Course
Course Catalog URL:
Identifier:
COM S 4720
Professor(s):
Last Updated: Fall 2024
Offered during Fall Semester each year.
- Credits and contact hours: 3 credits
- Instructor’s or course coordinator’s name: Yan-Bin Jia
- Text book, title, author, and year: Artificial Intelligence: A Modern Approach, 4th edition, Stuart Russell and Peter Norvig.
- Other supplemental materials: None
Specific course information
- Brief description of the content of the course: The primary objective of this course is to provide an introduction to the basic principles and applications of Artificial Intelligence. Programming projects are used to help clarify basic concepts. The emphasis of the course is on teaching the fundamentals, and not on providing a mastery of specific commercially available software tools or programming environments. In short, this course is about the design and implementation of intelligent agents---software or hardware entities that perform useful tasks with some degree of autonomy. Upon successful completion of the course, students will have an understanding of the basic areas of artificial intelligence including problem solving, knowledge representation, reasoning, decision making, planning, and learning -- and their applications (e.g., game playing, text classification, medical diagnosis, data mining, information retrieval). Students will also be able to design and implement key components of intelligent agents of moderate complexity and evaluate their performance.
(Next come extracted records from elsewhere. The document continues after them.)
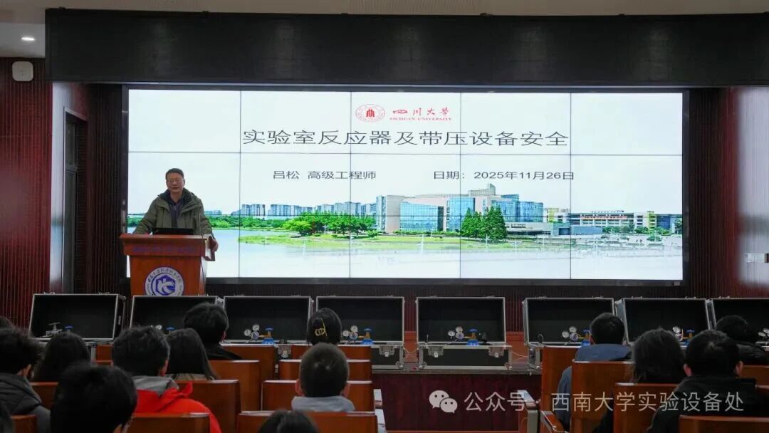 为切实增强实验室气体钢瓶、反应釜等危险源安全风险防控能力,提升师生实验室安全意识和实验操作技能,夯实校园安全稳定根基,11月26日-27日,学校邀请四川大学安全应急技能训练中心专家团队来校开展“实验室反应器及带压设备安全”专题培训。本次培训专设气体钢瓶减压阀实操训练环节,吸引了15个二级单位300余名师生参加。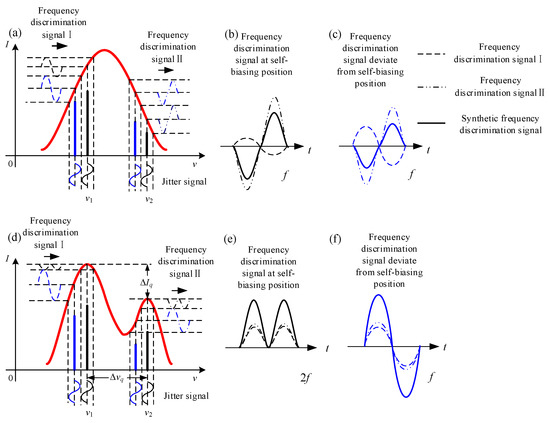 When no modulation was applied to the intensity tuning curve by mechanical jitter, the frequency discrimination signals were modulated by the profile of the similar Gaussian intensity tuning curve, as shown in Figure 9a. Whether the dual modes were located in or deviated from the self-biasing frequency position, the frequency discrimination signals both lacked specificity, as shown in Figure 9b,c. If the modulation approach was taken to the intensity tuning curve, the ideal double peak of the profile was obtained. The frequency discrimination signals were generated from the dual modes in the respective intensity peak positions, as shown in Figure 9d. From Figure 9e,f, we can find that, after the profile modulation, the frequency discrimination signals were specific and suitable for the frequency stabilization. Hence, through the modulation of the intensity tuning curve profile, the stable operation of the double-longitudinal-mode and self-biasing laser gyro may be realized.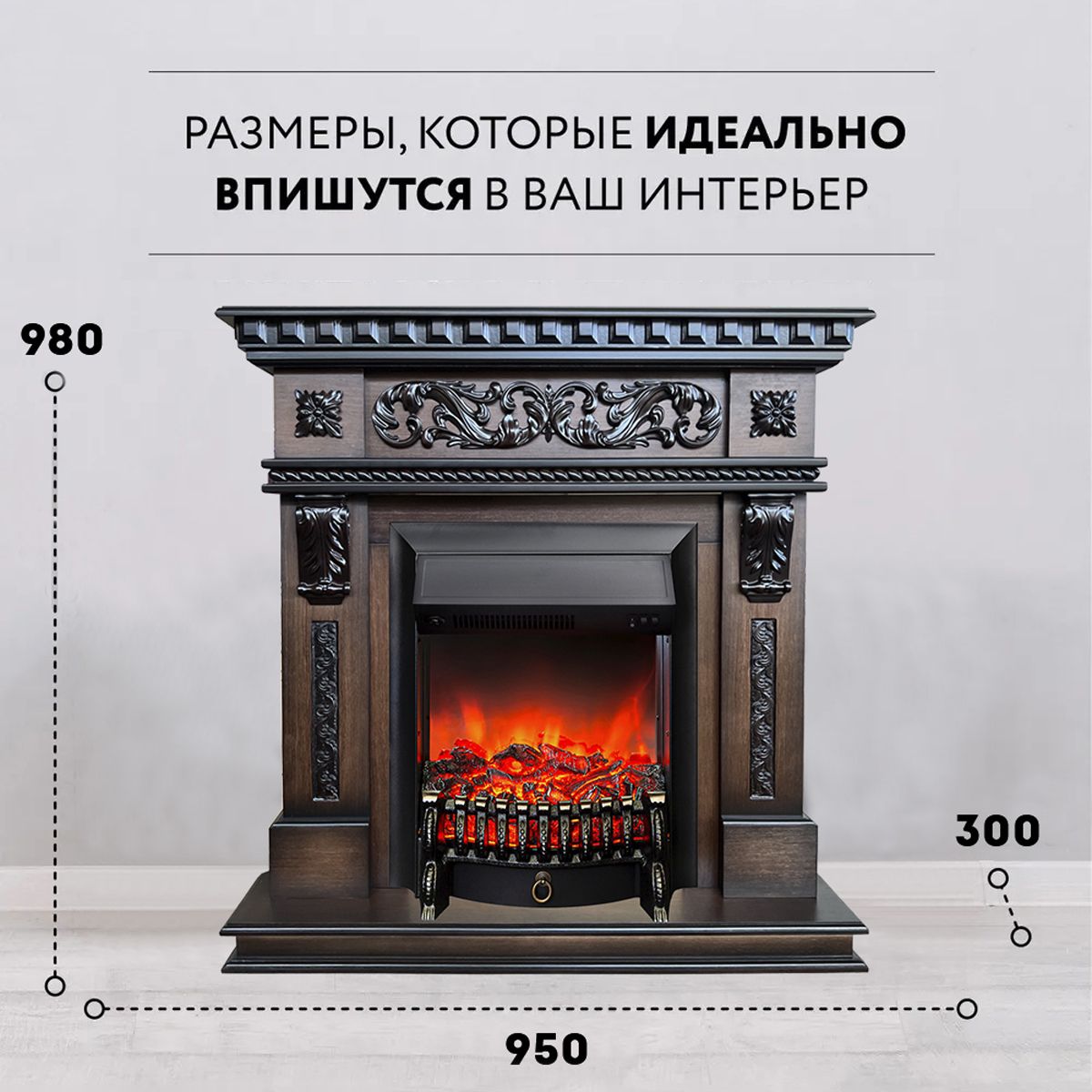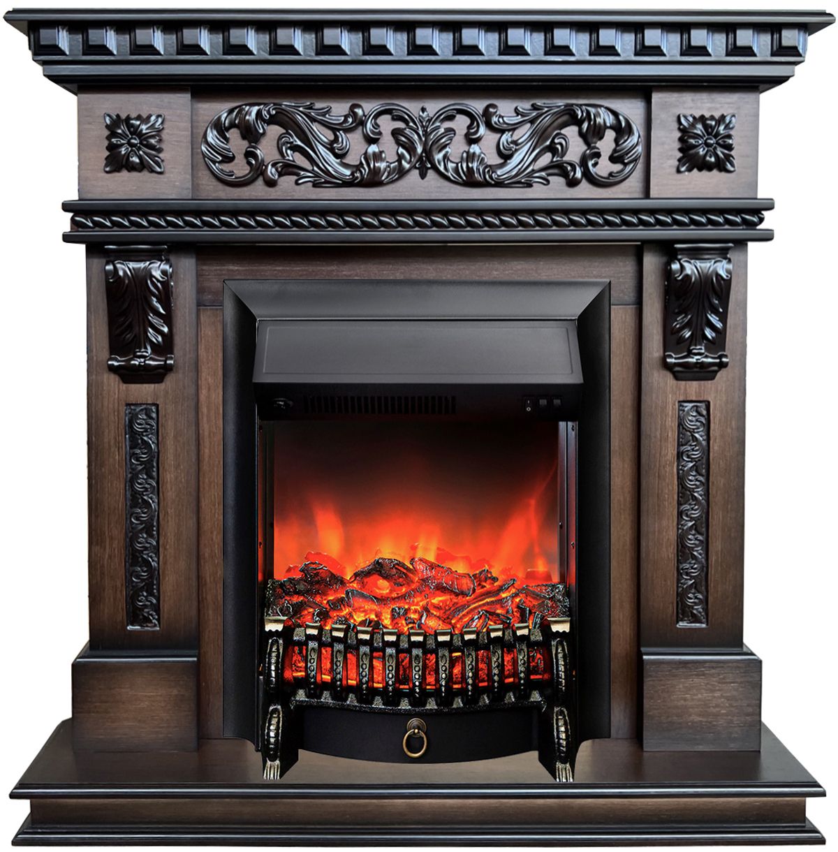 Электрокамин Verona AO с очагом Fobos выполнен в классическом стиле и оформлен декоративной отделкой. Изготовлен из МДФ и натурального шпона в цвете дуб тёмный.

- Prerequisites or co-requisites: COM S 311, STAT 305 or STAT 330 or STAT 341, ENGL 250, Java programming experience
- Required, elective, or selected elective? Selected elective
Specific goals for the course
- Specific outcomes of instruction:
- Appreciation of fundamental problems in artificial intelligence (AI).
- Ability to generate precise formulation(s) of AI problems in terms of knowledge representation and search from imprecise English description(s).
- Ability to design intelligent agents for problem solving, reasoning, planning, decision making, and learning.
- Ability to make intelligent choices from among available algorithms and knowledge representation schemes subject to specific design and performance constraints, and when needed, design variants of existing algorithms.
- Ability to implement and evaluate intelligent agents for representative AI problems – e.g., automated theorem proving, learning classification rules from data, etc.
- Familiarity with some current applications of AI.
- Ability to communicate effectively about AI problems, algorithms, implementations, and their experimental evaluation.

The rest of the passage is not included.